Игры в бисер - Александр Александрович Генис
Пытаясь их открыть, я написал тонкую книжицу “Трикотаж”. Ее выделяло насильное неведение. Я сознательно и настойчиво ограничил свои цели – не гнал книгу к развязке, а писал, честно не догадываясь, что будет в следующей строке. Она возникала скорее из грамматической, чем семантической нужды, и я с интересом следил за тем, куда меня вынесет текст, к которому автор имел почти что косвенное отношение.
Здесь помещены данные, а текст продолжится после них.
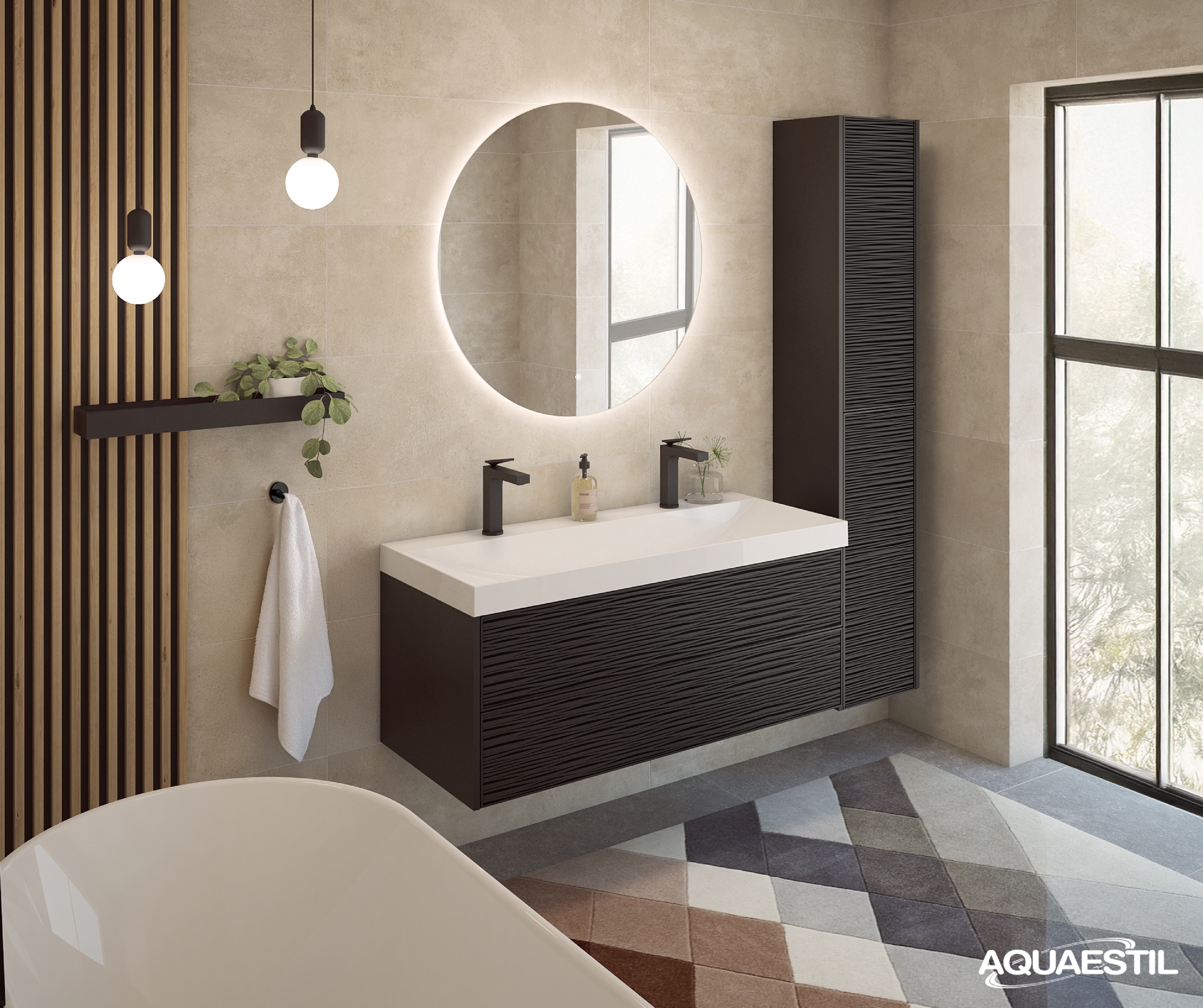 Linija Myra donosi sofisticiran dizajn s prepoznatljivim 3D reljefnim frontama u prugastom ili rebrastom uzorku. Veliki, minimalistički oblikovan umivaonik tankih rubova, opremljen poklopcem odvoda u efektu površine, dodatno naglašava suvremenu eleganciju elemenata ove linije.

Я так и не решил, насколько удачен был этот эксперимент, но он позволил оценить достоинство того случайного фактора в словесности, за которым безус- пешно гонялись сюрреалисты с их “автоматическим письмом”.
Какое это имеет отношение к дневникам? Прямое.
3. Дневник
Бродский говорил, что в прозе важно не что, а что за чем идет. Дневник уникален тем, что он сразу зависит и не зависит от намерения автора. Контекст здесь создает время, и балом правит календарь. Этим он отчасти напоминает классические стихи, где за поэта работает еще и просодия, подсказывающая размер и навязывающая ударения. Все, что не нашей работы, добавляет книге аромат искренности, оправданный вмешательством истории в биографию.
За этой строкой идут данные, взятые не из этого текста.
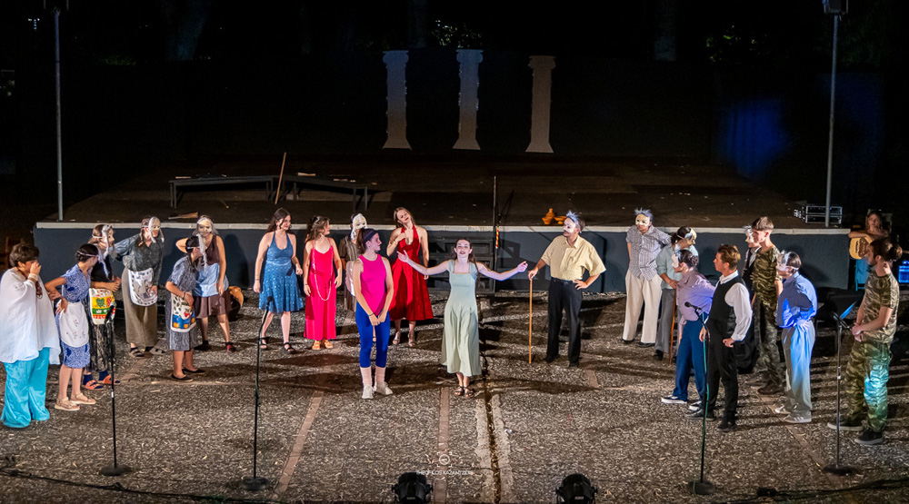 Η παράσταση, πλαισιωμένη από ζωντανή μουσική, προσέφερε άφθονο γέλιο, μεταδιδοντας ταυτόχρονα το διαχρονικό μήνυμα της αναγκαιότητας της ειρήνης ως προϋπόθεση για την ευημερία και την ευτυχία των ανθρώπων.

Поэтому так интересно читать чужие дневники, но свои еще интереснее. У меня был знакомый, нью-йоркский учитель, который страдал маниакальной потребностью вести дневник. Когда мы подружились, ему было под семьдесят, а дневников накопился целый шкаф. Дожив до старости, его хозяин потратил почти год, чтобы перечитать свою жизнь.
– И как результат? – не стесняясь, влез я.
– Ужасен! Каждый день секс, вечеринки, танцы, коктейли, случайные знакомства.
Не поняв, хвастается он или жалуется, я задал горячий вопрос: каким среди всех прожитых был самый счастливый день?
– Сегодняшний, – грустно ответил он, и я опять ему не поверил.
Обычно в дневниках ищут того, что отражает перемены и притворяется судьбой. Но любопытно под- сматривать и за всем остальным. Это как подглядывать в замочную скважину: что ни покажут, все интересно.
Среди разновидностей мемуарных свидетельств дневники занимают особое – интимное – место. Мемуары пишут для всех, письма – для их адресатов, дневники – для себя, хотя они часто доходят до читателей-потомков.
Если в обычной литературе автор предстает в облагороженном или (бывает и такое) обезображенном виде, то в дневнике ему вроде бы не перед кем прикидываться. Ведь это – честный разговор с собой, что, конечно, не исключает самообмана. Мы знаем себя хуже, чем других, уже потому, что даже в зеркале отражаемся в чуть преображенном виде. И все же дневник – самый доступный способ заменить книгу написавшим ее писателем.
В этом главный соблазн дневника, позволяющего прочесть не то, что он говорил, а то, о чем проговаривался. Нас волнует вся личность автора, а не та ее творческая часть, что заперта в собрании сочинений. В этом жадном интересе есть что-то нечистое, ревнивое, обидное и завистливое, но деться некуда: писатель тоже человек, как мы, что бы ни говорил Пушкин (“врете, подлецы”).
Федор Сологуб, боясь, что его личность заменит его литературу – или вмешается в нее, – говорил, что “лучше всего умереть без биографии”. И дальше: “Есть у меня кое-какие дневники, но когда я почувствую, что приближаются минуты смерти, – я прикажу уничтожить их. Без биографии лучше. Я затем и хочу прожить сто двадцать лет, чтобы пережить всех современников, которые могли бы написать обо мне воспоминания”.
Не помогло.
4. Экстраверт
Я прочел фразу Сологуба в дневнике, который, пожалуй, люблю больше других. Чуковский вел его почти семьдесят лет, оставив нам 2500 страниц. Самая интересная первая часть – с 1901 по 1929 год. Потом Чуковский, уже зная, что дневник могут прочитать стукачи, был настороже и периодически вставлял хвалы пионерии.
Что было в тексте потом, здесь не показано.